## YOUR GOAL
All of the lines below are to be transcribed faithfully, with pictures excluded from the copy.
========================================
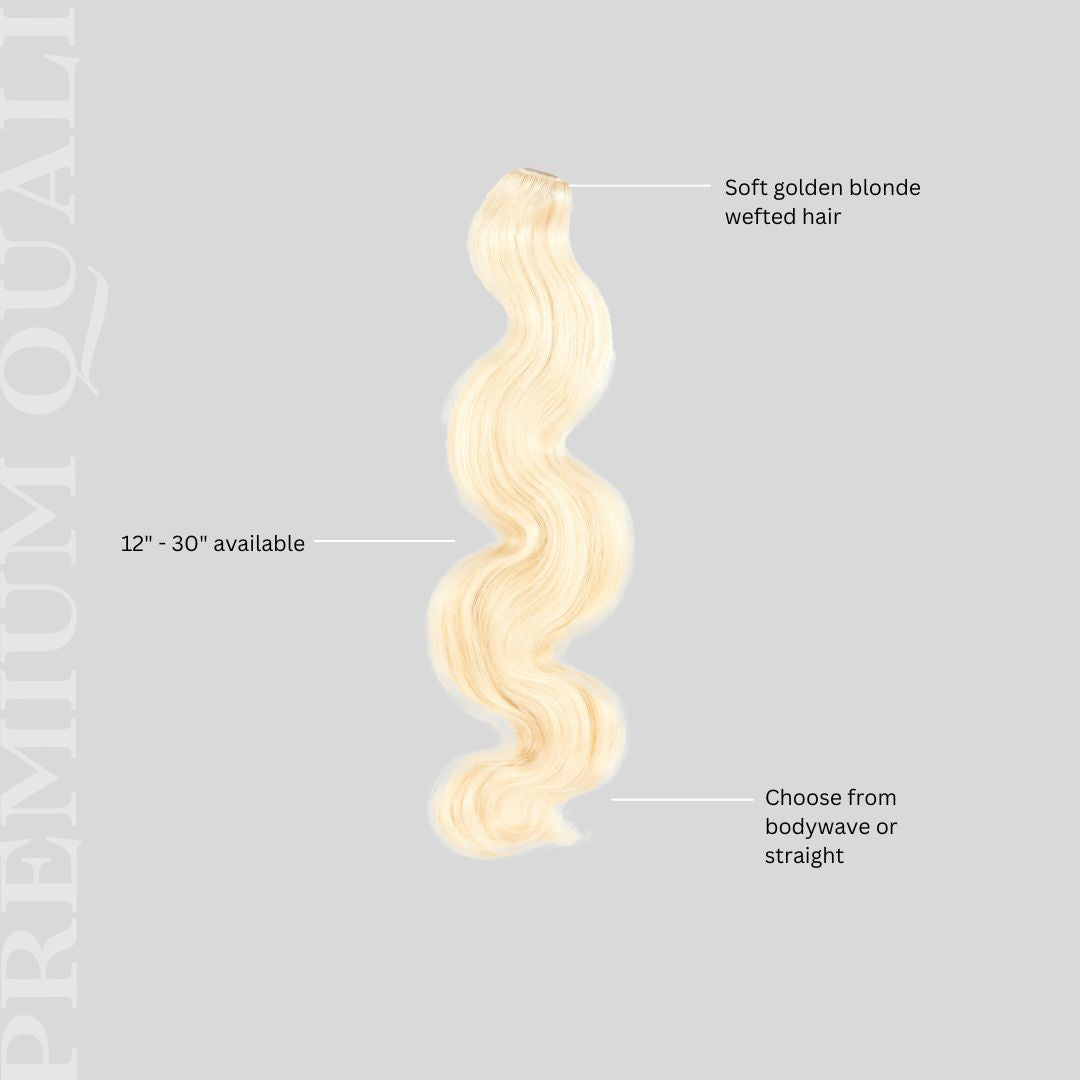 •Soft golden blonde Wefted hair
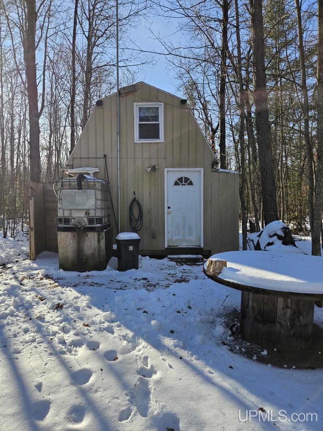 Your Northwoods adventure starts here! Nestled on 2.45 wooded acres, this charming off-grid cabin is the ideal home base for ATV riding, snowmobiling, and hunting. The cozy interior features a lofted sleeping area and a wood stove that keeps the space warm on even the coldest nights. Enjoy the independence of solar power along with a generator-ready hookup and converter for added convenience. The property includes a 275-gallon rainwater collection system with an outdoor shower, plus a well-appointed private outdoor privy. An extra-wide front door provides easy access for bringing in and storing your recreational machines and gear. If you’re seeking peace, privacy, and endless outdoor recreation, this Northwoods hideaway is ready to become your perfect retreat.
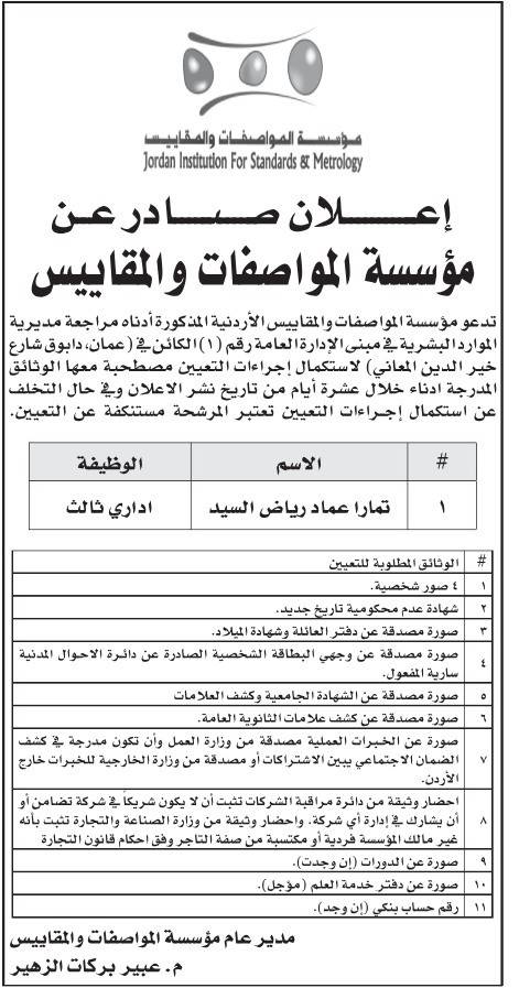 ودعت مؤسسة المواصفات والمقاييس الأسماء التالية لاستكمال إجراءات التعيين.
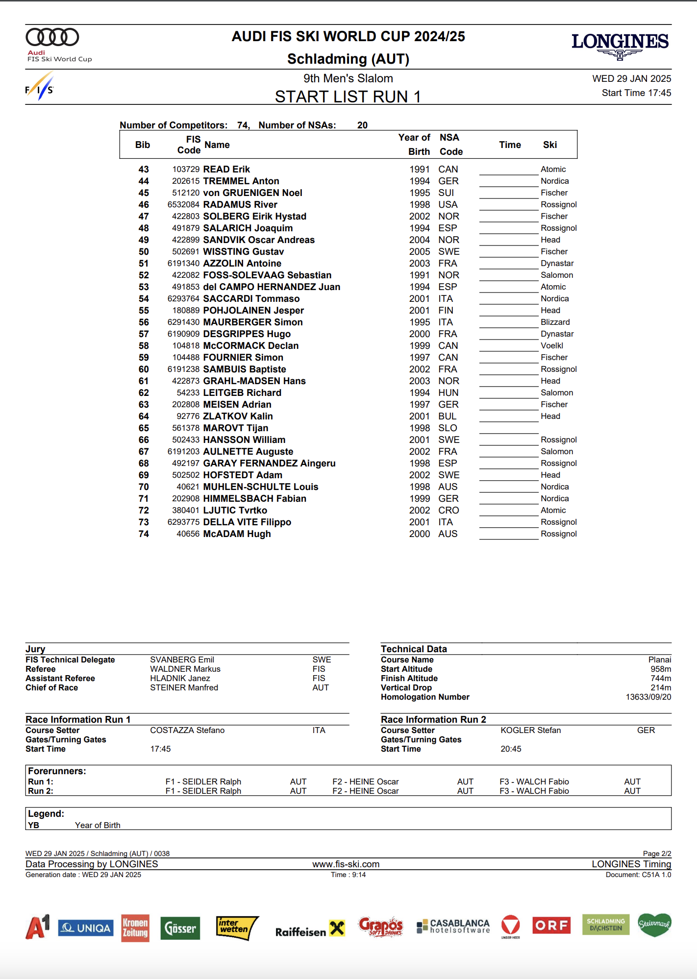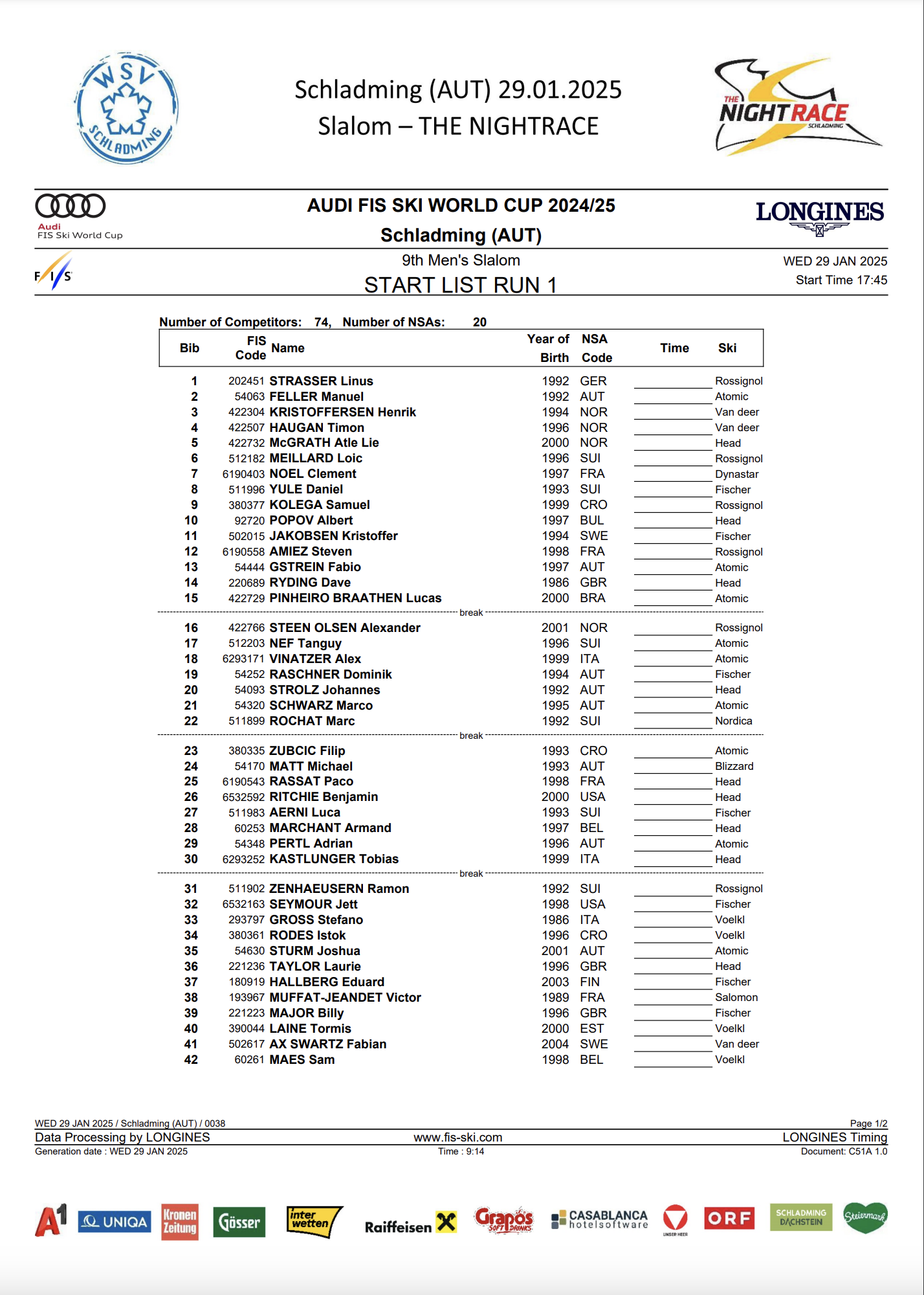 Seventy-four men from 20 nations will compete in the World Cup night slalom in Schladming on Jan. 29.
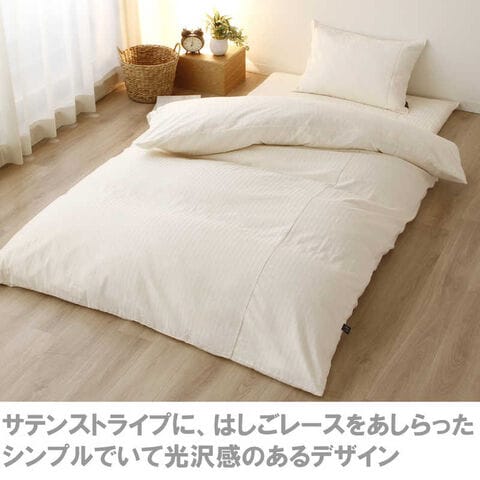 素材:綿100% ファスナー式 皆さんの睡眠を『inicoシリーズ』でにっこりに♪ 手触りの良い綿100%のサテンストライプに梯子レースをあしらった高級感のあるデザインです!シンプルかつちょっと贅沢にお部屋をコーディネートできるのでオススメです!!
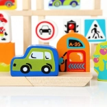 Transportowa konstrukcja w mieście przyciąga dzieci dzięki połączeniu kolorowych drewnianych klocków, które można zestawić w postać ruchliwego miasta pełnego aut, sygnalizacji świetlnej i stacji benzynowych. Doskonale rozwija zdolności sensoryczno-motoryczne, myślenie kreatywne i umiejętności logiczne.
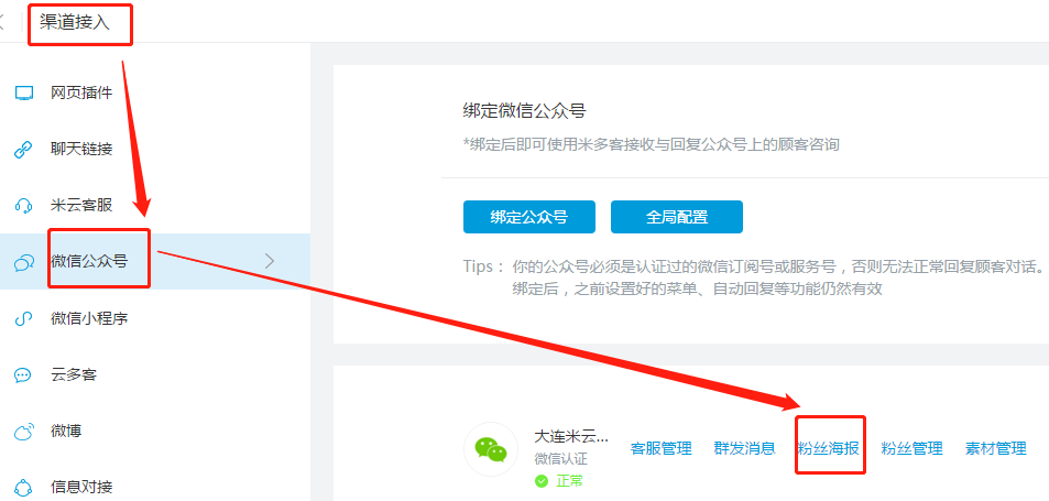1.在米多客[设置中心]-[渠道接入]-[微信公众号]点击[粉丝海报]即可进入粉丝海报功能。
========================================
## RESULT BELOW
 •Soft golden blonde Wefted hair
 Your Northwoods adventure starts here! Nestled on 2.45 wooded acres, this charming off-grid cabin is the ideal home base for ATV riding, snowmobiling, and hunting. The cozy interior features a lofted sleeping area and a wood stove that keeps the space warm on even the coldest nights. Enjoy the independence of solar power along with a generator-ready hookup and converter for added convenience. The property includes a 275-gallon rainwater collection system with an outdoor shower, plus a well-appointed private outdoor privy. An extra-wide front door provides easy access for bringing in and storing your recreational machines and gear. If you’re seeking peace, privacy, and endless outdoor recreation, this Northwoods hideaway is ready to become your perfect retreat.
 ودعت مؤسسة المواصفات والمقاييس الأسماء التالية لاستكمال إجراءات التعيين.
 Seventy-four men from 20 nations will compete in the World Cup night slalom in Schladming on Jan. 29.
 素材:綿100% ファスナー式 皆さんの睡眠を『inicoシリーズ』でにっこりに♪ 手触りの良い綿100%のサテンストライプに梯子レースをあしらった高級感のあるデザインです!シンプルかつちょっと贅沢にお部屋をコーディネートできるのでオススメです!!
 Transportowa konstrukcja w mieście przyciąga dzieci dzięki połączeniu kolorowych drewnianych klocków, które można zestawić w postać ruchliwego miasta pełnego aut, sygnalizacji świetlnej i stacji benzynowych. Doskonale rozwija zdolności sensoryczno-motoryczne, myślenie kreatywne i umiejętności logiczne.
1.在米多客[设置中心]-[渠道接入]-[微信公众号]点击[粉丝海报]即可进入粉丝海报功能。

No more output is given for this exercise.